Setup took less than five minutes. All I had to do was follow the on-screen instructions to configure the lights over Bluetooth, although Wi-Fi is an option. You’ll need the Twinkly app from the App Store or the Google Play Store, but once downloaded, it’s as simple as naming the lights, testing them, and then stringing them in whatever design you want. Once you do this, you can aim your phone’s camera at them to see a 3D representation of the lights within the app.
The Twinkly Dots can display 16 million different colors. There are three main configurations: A 33-foot option with 200 RGB lights (which is the option I’m testing), a 66-foot option with 400 RGB lights, or a USB version that has 60 lights. It’s also the first Twinkly product that can be powered through USB.
Twinkly, Twinkly, little app
The Twinkly app seems somewhat barebones at first glance, but I appreciate the lack of menus and submenus. It makes it easier to find exactly the settings I want when navigating it. There are five tabs to pick from: Controls, Gallery, FX Wizard, Layout, and Devices.
Controls is self-explanatory; turn your lights on or off, adjust their brightness, and set timers and schedules from this tab. That’s all there is to it.
The Gallery tab is where you’ll spend a lot of time, at least at first.

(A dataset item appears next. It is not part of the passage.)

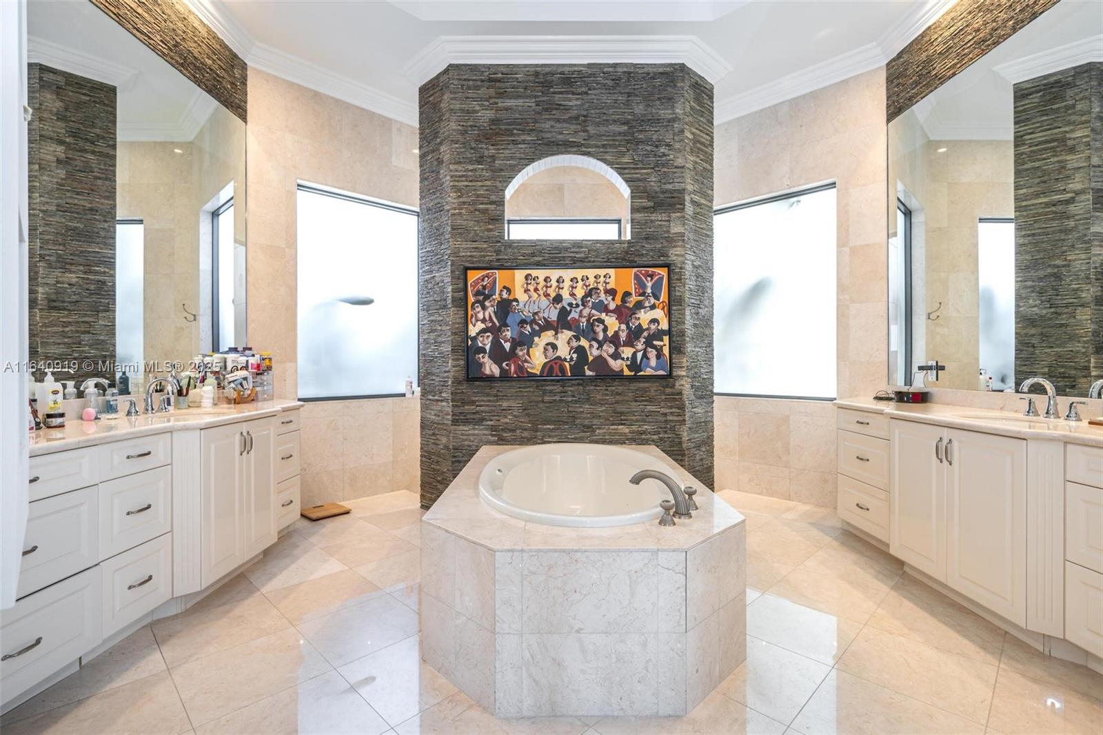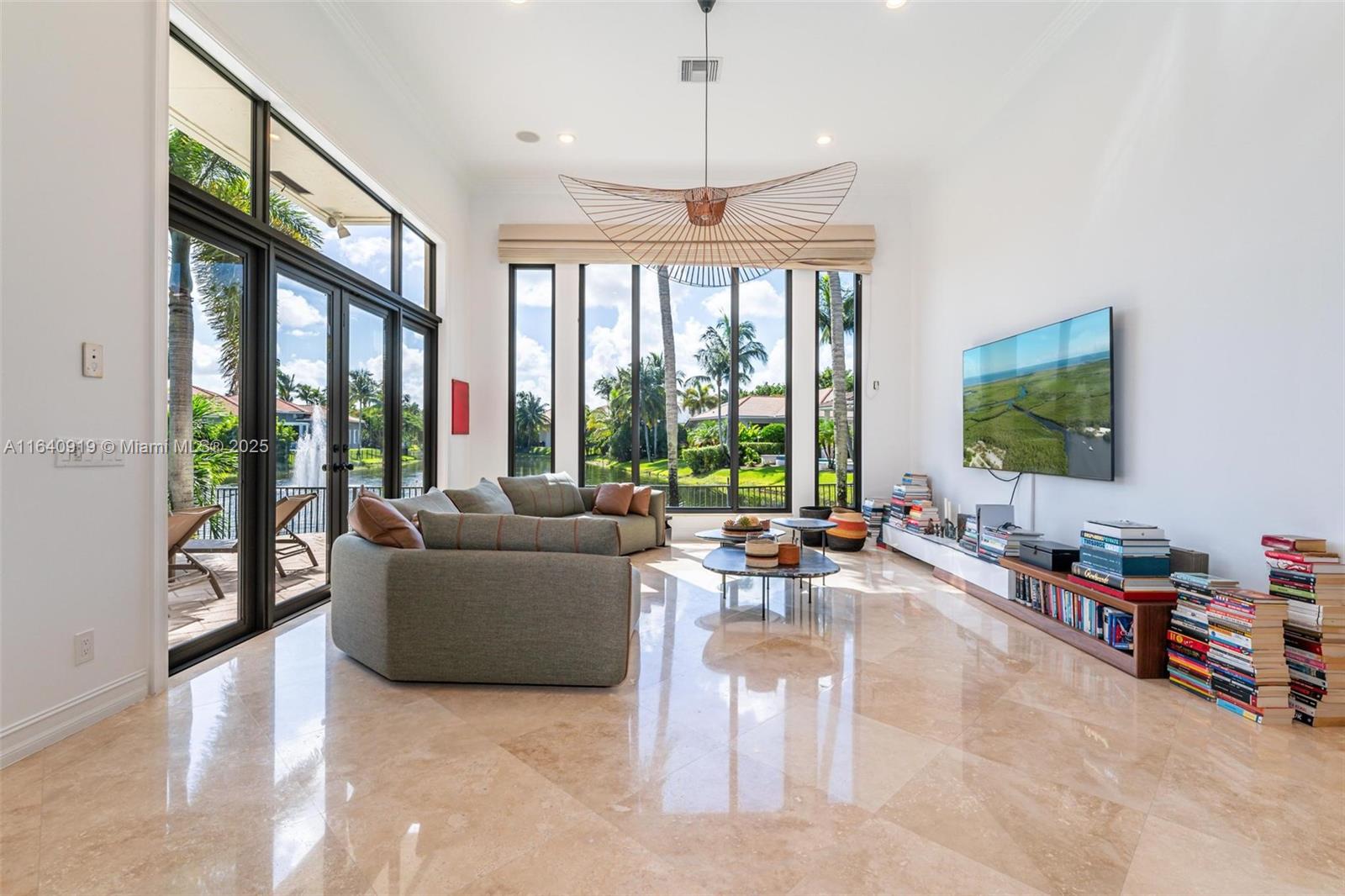 Experience luxury with this one-of-a-kind waterfront home, The roof was completely replaced in 2025. boasting a newly designed open floor plan perfect for modern living. The heart of this home is the double island gourmet kitchen, featuring stainless appliances, a built-in refrigerator, wine cooler, and exquisite cabinetry. Elegant marble floors flow throughout the home, leading you to 5 cozy bedrooms and 5 stylish baths, including a versatile den. Step outside to a large,pool with breathtaking wide water views, all from an oversized patio deck. Additionally, a 3-cargarage comes airconditioned and upgraded with new porcelain flooring, alongside practical closet built-ins. Embrace the high life at Hawks Landing Club&Spa, a community renowned for its exclusivity and charm.All impact windows.

You can choose between a variety of different effects ranging from one just called Snow (which actually presents a nice representation of snowfall, in my opinion), to one called Unicorn Sun which looks like a vaporwave rave.
The FX Wizard is perhaps the most interesting tab of all. It allows you to create your own effect. You start with a base pattern or draw with your fingers, and there are some interesting patterns to choose from.

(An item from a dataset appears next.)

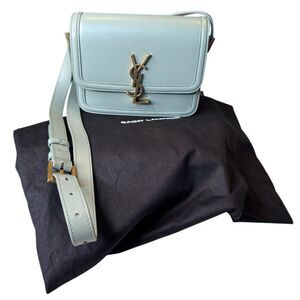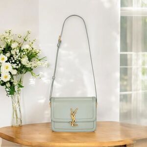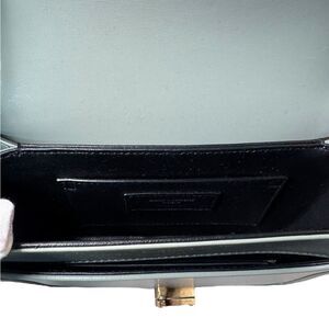 Color: “Quiet Blue” (appears as a sea foam green) with bronze/gold hardware

The Layout tab shows you the physical location of the lights in relation to one another. This is used to further customize your light setup, especially if you’ve arranged your Dots in a more intricate pattern. You can choose between Easy Mapping, a method that relies on your phone’s camera, and Advanced Mapping. Advanced Mapping takes multiple recordings and gives you a much more precise map in the end.
Finally, the Devices tab displays every Twinkly device connected to your account and its current status.
Traditionally, Twinkly-branded smart lights have carried a higher-than-average price tag, and the Dots are no exception. The three different configurations carry different price tags:
Dots 60: $50
Dots 200: $115
Dots 400: $176
How smart are these lights?
The Twinkly Dots work with the usual suspects like Google Assistant, Amazon Alexa, and even Apple HomeKit – but they also have support for Razer Chroma and HP Omen. This means the lights can sync up with what’s on-screen if you’re watching content or playing a video game, making them even more decorative than they might otherwise be. If you plan to use them as a way to enhance a game room, I would suggest using the USB-powered version. The others are just too long to feasibly work in decorating a desk or the back of a computer monitor.
The Twinkly Dots are a nice, aesthetic addition to any room of the home, but their functionality is somewhat limited. The lights aren’t utilitarian, but purely decorative. Outside of their physical shape, the Twinkly Dots don’t bring anything new to the table.
Is there a better alternative?
If you’re looking for an alternative in this exact shape, you’re out of luck – Twinkly has the market cornered for unique shapes. The Govee Rope Light is a potential alternative for just $66, but it looks completely different than the Dots. The Twinkly Dots set themselves apart with their design, and so far no other company matches it.
How long will they last?
The Twinkly Dots are well-built. With proper care (assuming you don’t pinch the wires and take proper care of the plug), they should last for years. Twinkly rates their lights with a lifespan of over 30,000 hours, and they include a one-year limited warranty.
Should you buy them?
Yes, if you want a nice-looking set of string lights. Again, this shape is unique, but if you’re only looking for smart lights and you don’t care so much about the design, there are less expensive alternatives.